Start of DATA BLOCK

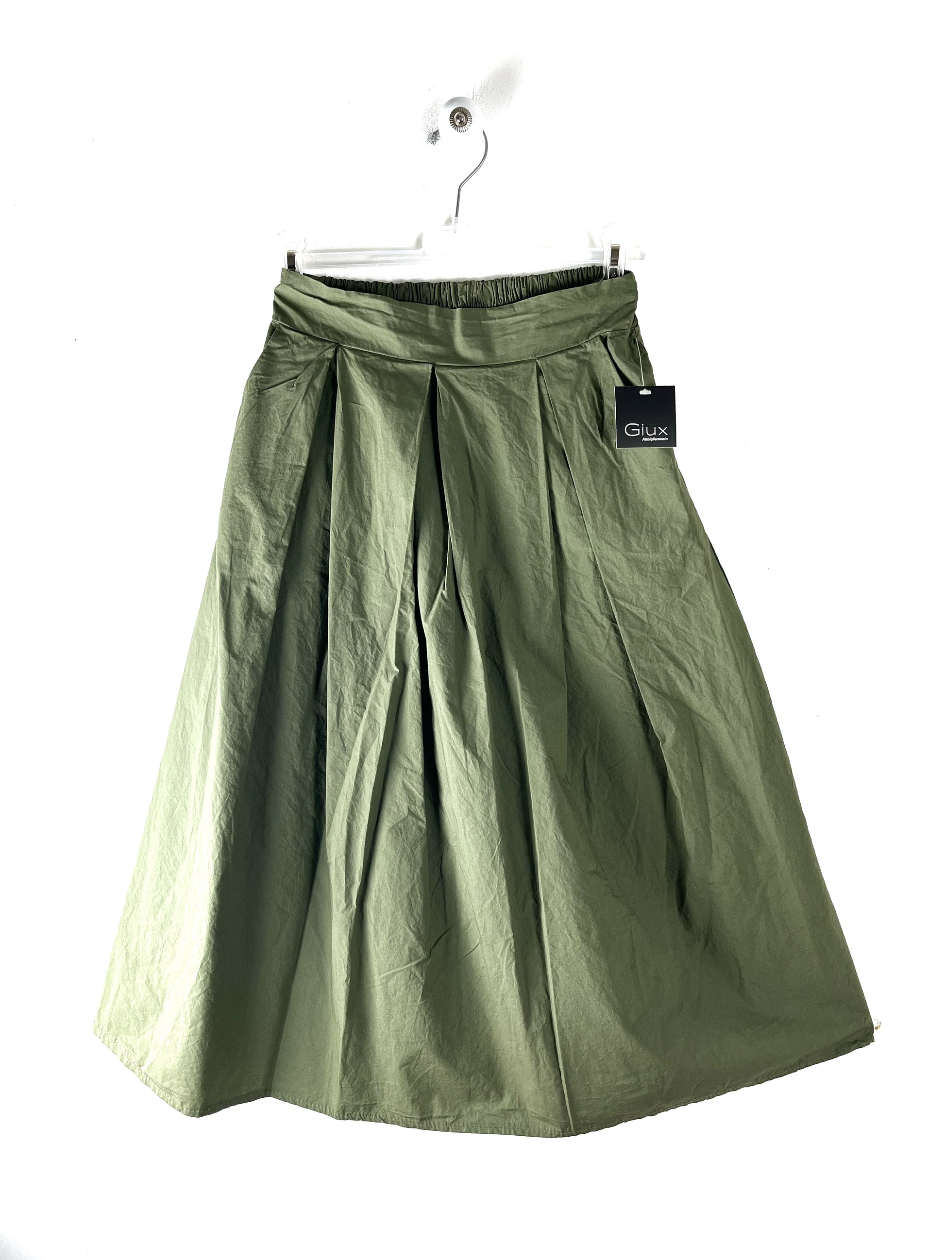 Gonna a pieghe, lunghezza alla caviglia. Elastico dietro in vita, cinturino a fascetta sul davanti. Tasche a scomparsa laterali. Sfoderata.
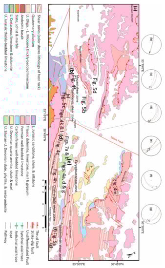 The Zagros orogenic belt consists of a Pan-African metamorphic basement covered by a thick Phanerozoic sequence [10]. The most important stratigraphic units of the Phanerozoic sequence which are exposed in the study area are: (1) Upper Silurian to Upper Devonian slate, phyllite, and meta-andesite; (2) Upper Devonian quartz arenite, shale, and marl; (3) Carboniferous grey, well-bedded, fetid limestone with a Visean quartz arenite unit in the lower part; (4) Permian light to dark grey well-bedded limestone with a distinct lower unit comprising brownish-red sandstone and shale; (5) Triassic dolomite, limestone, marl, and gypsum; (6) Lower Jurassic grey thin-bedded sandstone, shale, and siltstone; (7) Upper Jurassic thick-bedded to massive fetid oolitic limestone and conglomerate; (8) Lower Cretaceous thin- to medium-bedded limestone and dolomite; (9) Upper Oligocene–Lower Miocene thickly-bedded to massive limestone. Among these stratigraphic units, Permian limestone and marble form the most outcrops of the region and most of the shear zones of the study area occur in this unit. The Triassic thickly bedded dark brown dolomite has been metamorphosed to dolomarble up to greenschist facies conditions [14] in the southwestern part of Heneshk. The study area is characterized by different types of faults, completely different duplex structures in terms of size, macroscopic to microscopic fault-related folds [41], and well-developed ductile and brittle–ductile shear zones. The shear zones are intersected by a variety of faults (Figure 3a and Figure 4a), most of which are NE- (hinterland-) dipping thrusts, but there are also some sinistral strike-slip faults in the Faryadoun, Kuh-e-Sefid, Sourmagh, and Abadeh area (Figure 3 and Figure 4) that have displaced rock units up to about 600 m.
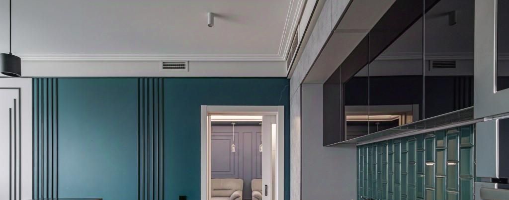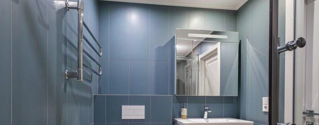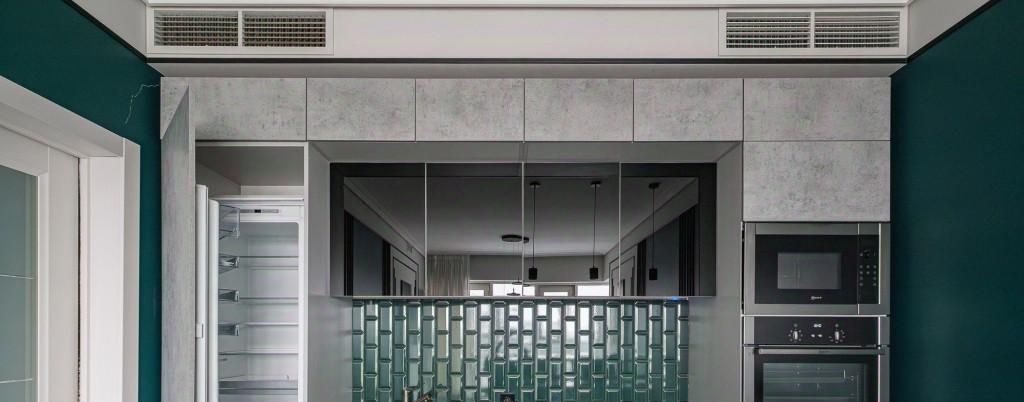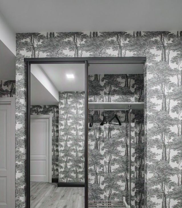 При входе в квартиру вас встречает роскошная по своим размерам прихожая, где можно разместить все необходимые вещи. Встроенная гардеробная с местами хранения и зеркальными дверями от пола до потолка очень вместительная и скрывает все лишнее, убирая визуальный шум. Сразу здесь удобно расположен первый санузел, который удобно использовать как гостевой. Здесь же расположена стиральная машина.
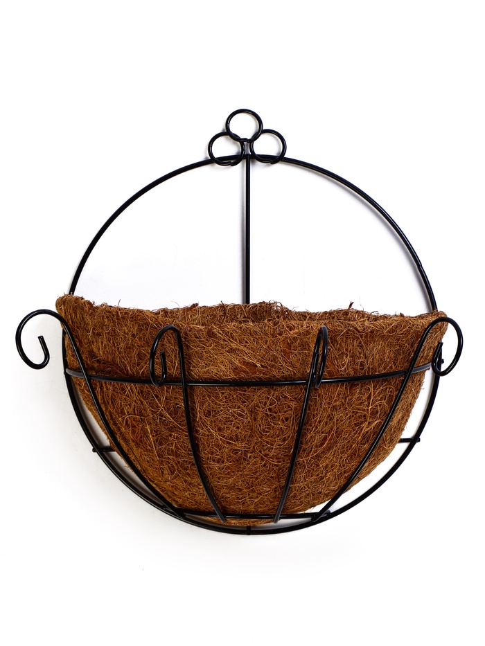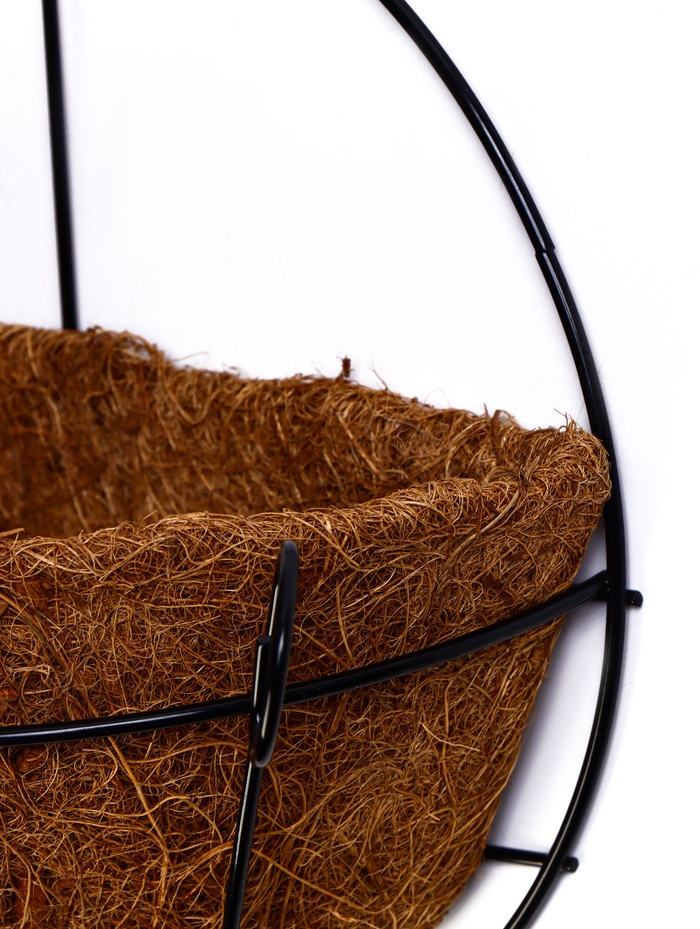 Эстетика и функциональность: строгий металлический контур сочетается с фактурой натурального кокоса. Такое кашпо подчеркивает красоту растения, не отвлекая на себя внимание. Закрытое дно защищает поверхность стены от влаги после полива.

End of DATA BLOCK

» **ASSIGNMENT**:
Would you provide an exact, picture-free copy of the data above?

» **SOLUTION FOR THIS EXERCISE**:
 Gonna a pieghe, lunghezza alla caviglia. Elastico dietro in vita, cinturino a fascetta sul davanti. Tasche a scomparsa laterali. Sfoderata.
 The Zagros orogenic belt consists of a Pan-African metamorphic basement covered by a thick Phanerozoic sequence [10]. The most important stratigraphic units of the Phanerozoic sequence which are exposed in the study area are: (1) Upper Silurian to Upper Devonian slate, phyllite, and meta-andesite; (2) Upper Devonian quartz arenite, shale, and marl; (3) Carboniferous grey, well-bedded, fetid limestone with a Visean quartz arenite unit in the lower part; (4) Permian light to dark grey well-bedded limestone with a distinct lower unit comprising brownish-red sandstone and shale; (5) Triassic dolomite, limestone, marl, and gypsum; (6) Lower Jurassic grey thin-bedded sandstone, shale, and siltstone; (7) Upper Jurassic thick-bedded to massive fetid oolitic limestone and conglomerate; (8) Lower Cretaceous thin- to medium-bedded limestone and dolomite; (9) Upper Oligocene–Lower Miocene thickly-bedded to massive limestone. Among these stratigraphic units, Permian limestone and marble form the most outcrops of the region and most of the shear zones of the study area occur in this unit. The Triassic thickly bedded dark brown dolomite has been metamorphosed to dolomarble up to greenschist facies conditions [14] in the southwestern part of Heneshk. The study area is characterized by different types of faults, completely different duplex structures in terms of size, macroscopic to microscopic fault-related folds [41], and well-developed ductile and brittle–ductile shear zones. The shear zones are intersected by a variety of faults (Figure 3a and Figure 4a), most of which are NE- (hinterland-) dipping thrusts, but there are also some sinistral strike-slip faults in the Faryadoun, Kuh-e-Sefid, Sourmagh, and Abadeh area (Figure 3 and Figure 4) that have displaced rock units up to about 600 m.
 При входе в квартиру вас встречает роскошная по своим размерам прихожая, где можно разместить все необходимые вещи. Встроенная гардеробная с местами хранения и зеркальными дверями от пола до потолка очень вместительная и скрывает все лишнее, убирая визуальный шум. Сразу здесь удобно расположен первый санузел, который удобно использовать как гостевой. Здесь же расположена стиральная машина.
 Эстетика и функциональность: строгий металлический контур сочетается с фактурой натурального кокоса. Такое кашпо подчеркивает красоту растения, не отвлекая на себя внимание. Закрытое дно защищает поверхность стены от влаги после полива.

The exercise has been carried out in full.